The Streaming Rollout System (SRS) is a notable innovation that accelerates iteration by decoupling model evolution from runtime execution and asynchronously managing parts of the generation process across model versions. This architecture is claimed to be able to achieve up to 3x faster reinforcement learning loops.
In addition, other infrastructure technologies include: - Mixed Precision (FP8) to save memory; - Improve MoE efficiency with expert parallelism and kernel auto-tuning; - Robust and flexible checkpointing with ByteCheckpoint; - Optimize parallelism and memory configuration with AutoTuner.
Manual Assessment vs. Real-World Impact To assess the consistency between the model and human-centered preferences, ByteDance conducted manual testing in a number of areas, including creative writing, humanities knowledge, and everyday conversations.
In all the test sessions, Qisi-v1.0 consistently outperformed DeepSeek R0, which further proves its applicability to actual user needs.
The development team noted that inference models trained primarily on verifiable tasks also showed strong generalization capabilities in the creative domain, thanks to the structure and rigor of the mathematical training workflow.
What this means for technology leaders, data engineers, and enterprise decision-makers For technology leaders who manage the entire lifecycle of large language models, from data curation to deployment, Enlightenment-v5.0 provides an opportunity to rethink how inference capabilities are integrated into the enterprise AI technology stack.
Its modular training process not only includes verifiable inference datasets, but also introduces multi-stage reinforcement learning, which is particularly appealing to teams that want to scale large language model development while maintaining fine-grained control.

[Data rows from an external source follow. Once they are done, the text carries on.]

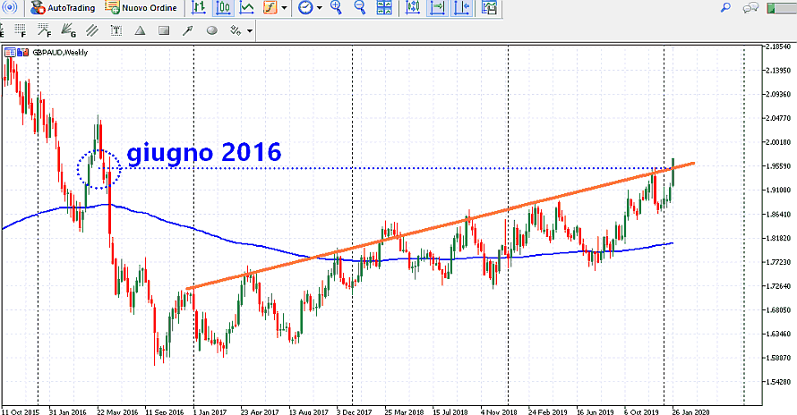 Il cambio GBPAUD ha infatti toccato il livello di 1.954 (cosa che non accadeva da giugno 2016) e sta testando la trendline di lungo periodo, che sa violata potrebbe dare luogo a ulteriori slanci rialzisti.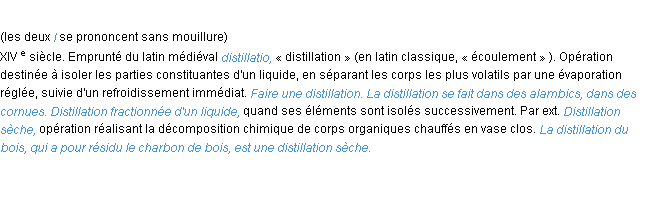 Définition de « distillation » de source académique (Académie Française, parution de 1932).
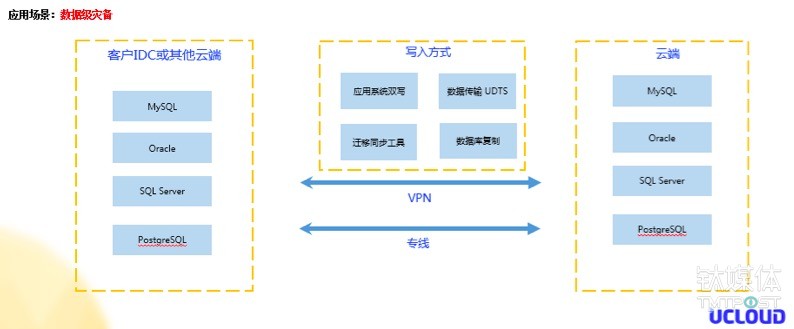 比如把客户IDC以及其他云端的一些数据库,通过专线VPN的方式打通之后,基于应用双写或数据传输,就可以很便捷的在云端实现一个数据级灾备,做到一个同城或者跨地域的数据级灾备。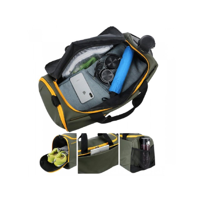 Текстильна чоловіча спортивна сумка хакі Confident TB9-T-217KH, з вологовідштовхуючими властивостями.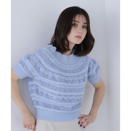 3種類の素材を使用した表情が愛らしいニット。細かい柄編みが今年らしい雰囲気を引き立てるデザインです。襟はテンションのあるリブ編みなので、ボートネックでもオフショルでも着ていただけます。キレイめパンツとのコーディネートもおすすめ。暖かみのある糸を使っているため冬本番を迎えるまで活躍できます。<素材>フラッグヤーンとラメ糸を使用し、プレーンな糸でまとめた柄編みニットです。<詳細>仕様・開閉なし裏地・なし透け感・なし / 光沢・なし / 伸縮性・あり生地の厚さ・普通※モデルの着用画像の場合、光の当たり具合により、実際の色味と異なって見えることがございます。色味は、商品単体の画像をご参照ください。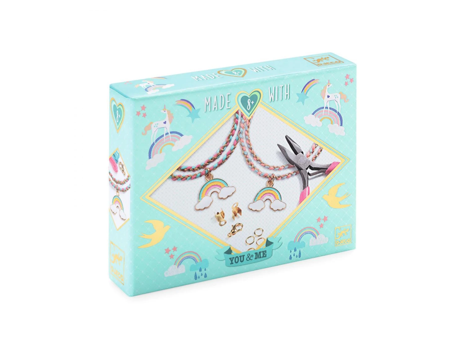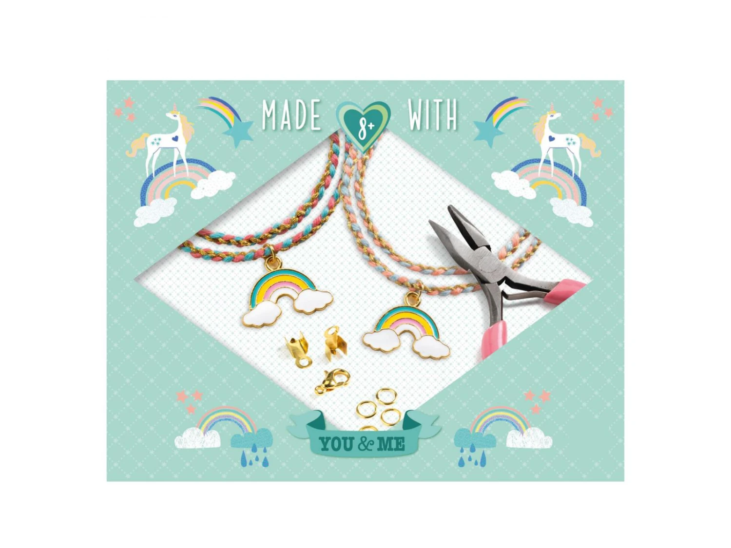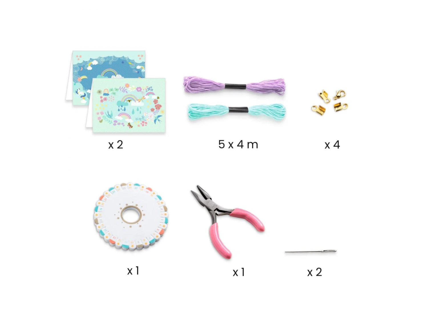 Dans une jolie boite brillante, tout le matériel inclus pour tressez 2 jolis bracelets arc-en-ciel selon l’art traditionnel japonais du kumihimo. Deux bijoux à conserver ou à offrir dans un joli sac en organza. Et pour encore plus de souvenirs, deux cartes illustrées sont incluses pour inscrire des mots doux.

ByteDance's Seed-Verifier and Seed-Thinking-Verifier can be seen as more trustworthy reward modeling mechanisms, which are especially critical when deploying models in customer-facing or regulated environments.

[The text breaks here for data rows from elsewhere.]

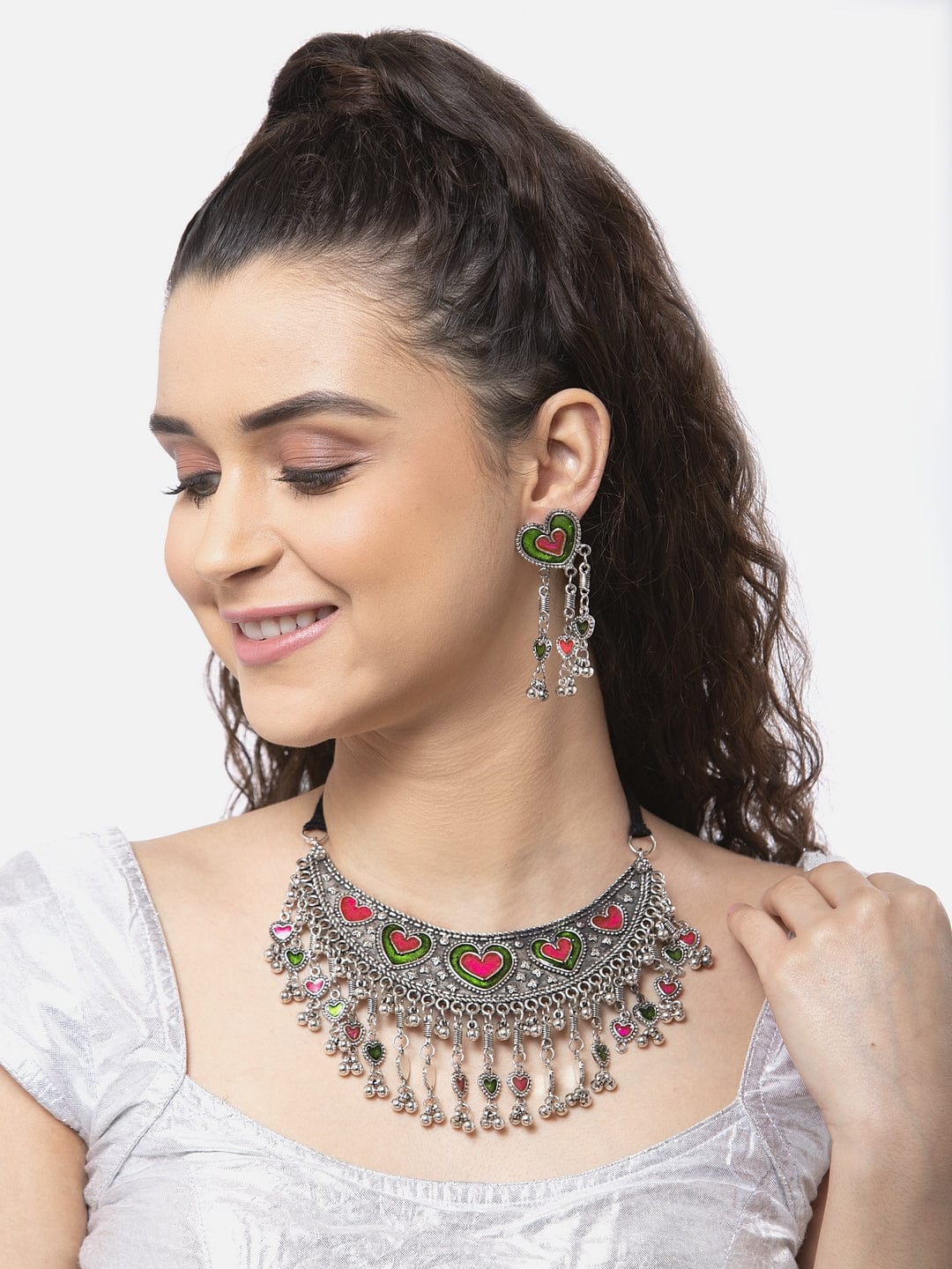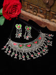 Oxidized Silver-Plated Stone-Studded & Ghungaroo Beaded Jewellery Set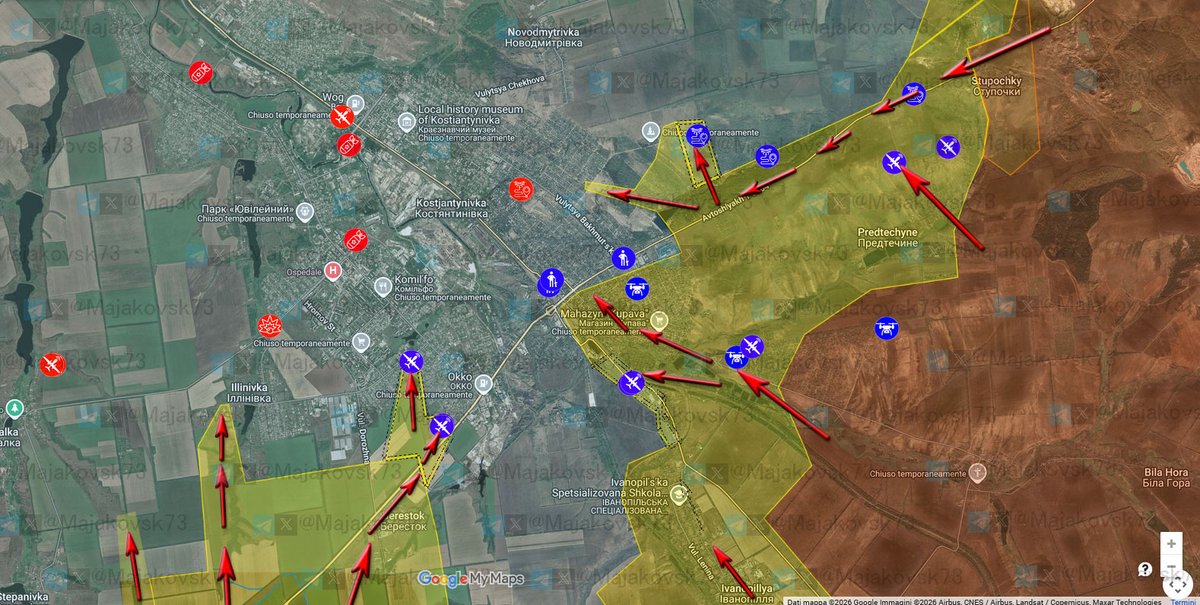 1\#Ucraina Fronte di Kostijantynivka: ampliate infiltrazioni nella parte sud della città nella zona a Nord di Berestove. Probabilmente immagini si riferiscono ad infiltrazioni avvenute qualche giorno fa, quando c'era ancora la nebbia e segnalate da vari report. Ampliata area d'infiltrazione si nella sezione Est e Sud-Est della città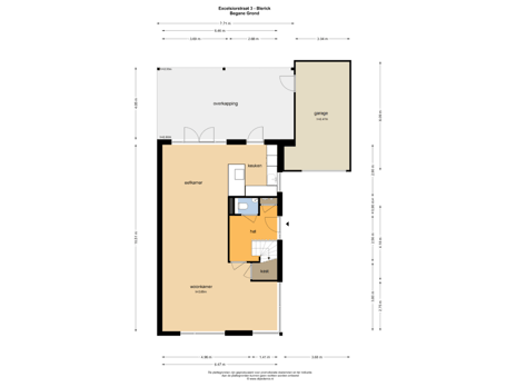 Entree, de hal voorzien van de meterkast, het geheel betegelde, luxe toilet met een fonteintje, de trapopgang naar de 1e verdieping en de doorgang naar de woonkamer. De grote woonkamer (ca. 57 m2) is voorzien van een praktische trapkast, aangename airconditioning (2023), openslaande deuren naar de tuin en een luxe keukenopstelling met een inductiekookplaat, een afzuigkap, een combi-oven met magnetronfunctie, een vaatwasser, koelkast en een spoelbak. In de keuken is tevens een deur naar de tuin. De gehele begane grond is voorzien van een moderne tegelvloer met aangename vloerverwarming.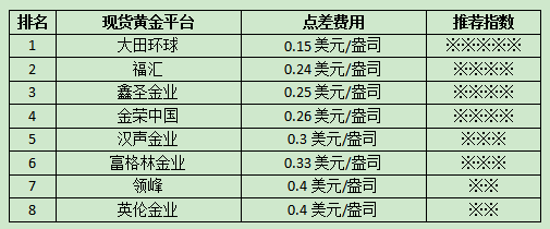 既然了解了点差在黄金交易平台排名中的重要性,那么目前主流平台中哪家店差成本较低呢?小编根据目前各大黄金平台提供的服务,给大家整理了如下表格:
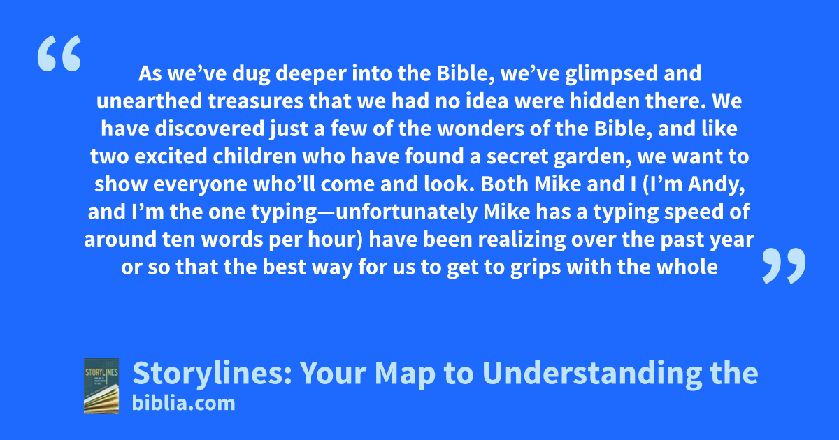 As we’ve dug deeper into the Bible, we’ve glimpsed and unearthed treasures that we had no idea were hidden there. We have discovered just a few of the wonders of the Bible, and like two excited children who have found a secret garden, we want to show everyone who’ll come and look. Both Mike and I (I’m Andy, and I’m the one typing—unfortunately Mike has a typing speed of around ten words per hour) have been realizing over the past year or so that the best way for us to get to grips with the whole

For teams operating under tight deadlines and limited resources, the stability demonstrated by Enlightenment-v5.0 under reinforcement learning (thanks to innovations such as VAPO and dynamic sampling) promises to shorten iteration cycles and streamline the process of fine-tuning for specific tasks.

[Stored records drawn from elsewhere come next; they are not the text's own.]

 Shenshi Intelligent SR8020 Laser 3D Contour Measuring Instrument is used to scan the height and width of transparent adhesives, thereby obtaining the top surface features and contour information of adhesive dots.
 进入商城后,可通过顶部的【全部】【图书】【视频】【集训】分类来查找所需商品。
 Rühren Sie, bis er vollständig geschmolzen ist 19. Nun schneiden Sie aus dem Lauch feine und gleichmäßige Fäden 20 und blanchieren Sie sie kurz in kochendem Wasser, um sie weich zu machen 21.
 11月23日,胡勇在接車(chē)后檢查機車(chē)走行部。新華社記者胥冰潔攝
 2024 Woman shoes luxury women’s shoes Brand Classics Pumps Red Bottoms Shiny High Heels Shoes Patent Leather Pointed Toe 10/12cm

From an orchestration and deployment perspective, the model's hybrid infrastructure approach—including Streaming Rollout System (SRS) and FP8 optimization support—portends significant improvements in training throughput and hardware utilization, which is valuable for engineers tasked with scaling large language models in cloud and on-premises systems.
In addition, the Enlightenment-v5.0 adopts a mechanism for dynamic adjustment of reward feedback based on the runtime during training, which directly addresses the challenges of managing heterogeneous data pipelines and maintaining consistency across domains.
For teams tasked with ensuring the reliability, repeatability, and continuous integration of new tools, the system-level design of Invision-v5.0 serves as a blueprint for building a robust multimodal orchestration system.
For data engineering professionals, this structured approach to training data—including rigorous filtering, data augmentation, and expert validation—further reinforces the importance of data quality as a model performance multiplier and may inspire a more intentional dataset development and validation process.
Future Outlook Qisi-v5.0 is the result of an internal collaboration within ByteDance's Seed LLM Systems team, led by Yonghui Wu and publicly demonstrated by long-time AI contributor Haibin Lin.
The project also draws on previous efforts, such as Doubao 5.0 Pro, and incorporates RLHF as well as sharing technologies in data curation.
The team plans to continue to improve reinforcement learning techniques, with a focus on training efficiency and reward modeling for unverifiable tasks. They also plan to make public internal benchmarks such as BeyondAIME, which aims to drive broader development of inference-focused AI research.